The Three-Column Mapping Grid

Each source column gets its own row in a three-column grid:
┌──────────────────────┬──────────────────────┬───────────────────────────┐
│   Columna origen     │   Transformación     │    Columna destino        │
│  (read-only)         │  (dropdown)          │  (dropdown)               │
└──────────────────────┴──────────────────────┴───────────────────────────┘
│  CustomerID          │  Ninguna       ▾     │  CustomerKey  (INTEGER) ▾ │
│  INTEGER             │                      │                           │
├──────────────────────┼──────────────────────┼───────────────────────────┤
│  FirstName           │  Upper         ▾     │  CustomerName (NVARCHAR)▾ │
│  NVARCHAR(50)        │                      │                           │
├──────────────────────┼──────────────────────┼───────────────────────────┤
│  BirthDate           │  Año           ▾     │  BirthYear    (INTEGER) ▾ │
│  DATETIME            │                      │                           │
└──────────────────────┴──────────────────────┴───────────────────────────┘

Column 1 — Source Column (read-only)

The leftmost cell displays the source column’s name in bold and its SQL data type in a code label beneath it. This cell is read-only — it reflects whichever columns you selected in the source panel or the columns returned by your SQL query.

Column 2 — Transformation

A dropdown that determines what operation is applied to the source column’s values before they are written to the destination. The available options map directly to transform types handled by DataTransformer:
UI Labeltransform_type valueOperation
NingunanoneDirect copy or rename — df[target_col] = df[source_col]
UpperupperConvert string to upper-case — .str.upper()
LowerlowerConvert string to lower-case — .str.lower()
AñoyearExtract the year from a datetime column — .dt.year
MesmonthExtract the month number from a datetime column — .dt.month
DíadayExtract the day of the month from a datetime column — .dt.day
Date transformations (Año, Mes, Día) call pd.to_datetime() on the source column before extracting the component, so string-encoded dates in ISO format are handled automatically. Numeric or text columns will raise an error if you attempt a date transform on them.

Column 3 — Target Column

A dropdown listing every column in the selected DW table, formatted as ColumnName (TYPE). It also includes a special first option:
  • — No mapear — — selecting this option excludes the source column from the ETL run entirely. The column will not appear in the DataFrame sent to the loader and will not consume a mapping slot.
Only rows where the target column is not — No mapear — produce a mapping entry in the final column_mappings list that is passed to pipeline.run_dynamic_etl().

Concatenation Mappings

Below the main grid, a separate Concatenaciones section lets you combine two source columns into a single target column using a space separator.
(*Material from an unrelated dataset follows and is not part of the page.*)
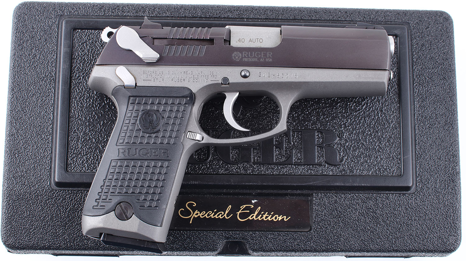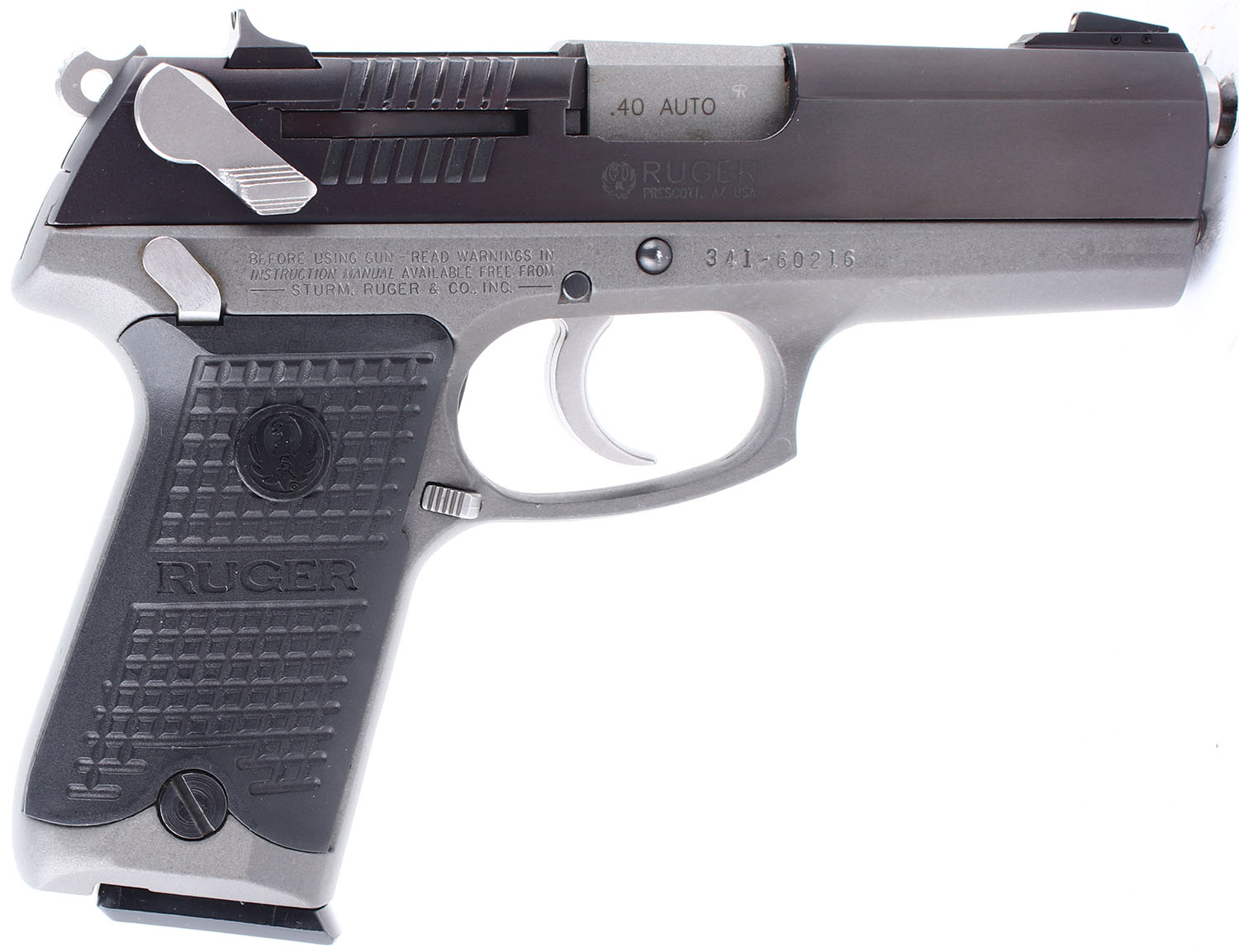 CASED Ruger, P94, CAL: 40 SW, MFG: 1994-2004, SN: 341-60216, Semi Auto Pistol. 4 1/4'' barrel. The plastic grips are in excellent condition. The frame and slide rate 99%. Bore is excellent. Mechanically solid with some side to side play in the slide. 3 dot white combat sights, front sight is pinned to the slide and rear is set in a dovetail cut on the slide. Comes in the factory hard plastic case, with three magazines, an owners manual, and other related paperwork. FFL Req. - Value: 250 to 500
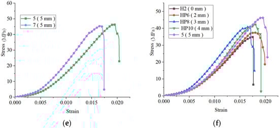 Stress-strain curves of yellow sandstone with different spray thickness: (a) TSL uncoated yellow sandstone, (b) 2 mm TSL coated yellow sandstone, (c) 3 mm TSL coated yellow sandstone, (d) 4 mm TSL coated yellow sandstone, (e) 5 mm TSL coated yellow sandstone, (f) TSL coated yellow sandstone with different thickness.

This is handled by DataTransformer.concat_transform(), which produces:
df[new_column] = df[column1] + ' ' + df[column2]
1

Add a concat row

Click + Agregar concatenación. A new row appears with three dropdowns: Columna 1 and Columna 2 (both sourced from the available source columns) and Destino (sourced from the DW target columns). Clicking the button increments st.session_state.num_concat and triggers a st.rerun().
2

Configure the row

Choose the two source columns to combine and the single target column that will receive the concatenated result. For example, FirstName + LastNameFullName.
3

Remove a concat row

Click - Quitar última concatenación to remove the most recently added concat row. This decrements st.session_state.num_concat and re-renders the form. Only the last row is removed — earlier rows are preserved.
Each concat mapping is appended to all_mappings as a dict with "type": "concat":
{
    "type": "concat",
    "column1": "FirstName",
    "column2": "LastName",
    "target_column": "FullName"
}

Business Key Selector

Beneath the concatenation controls, a Configuración de carga section contains the business key dropdown. This is a required field and must be set before the ETL can run. The business key is the DW target column used by DataLoader.load_incremental() to detect duplicate records. Before inserting any rows, the loader reads all existing values of this column from the DW table and filters them out of the incoming DataFrame — only rows with a key that does not yet exist are inserted.
Use the primary key or natural key of the dimension or fact table as your business key. For a customer dimension this is typically CustomerKey or CustomerID; for a territory dimension it is TerritoryID; for a sales fact table it is SalesOrderID.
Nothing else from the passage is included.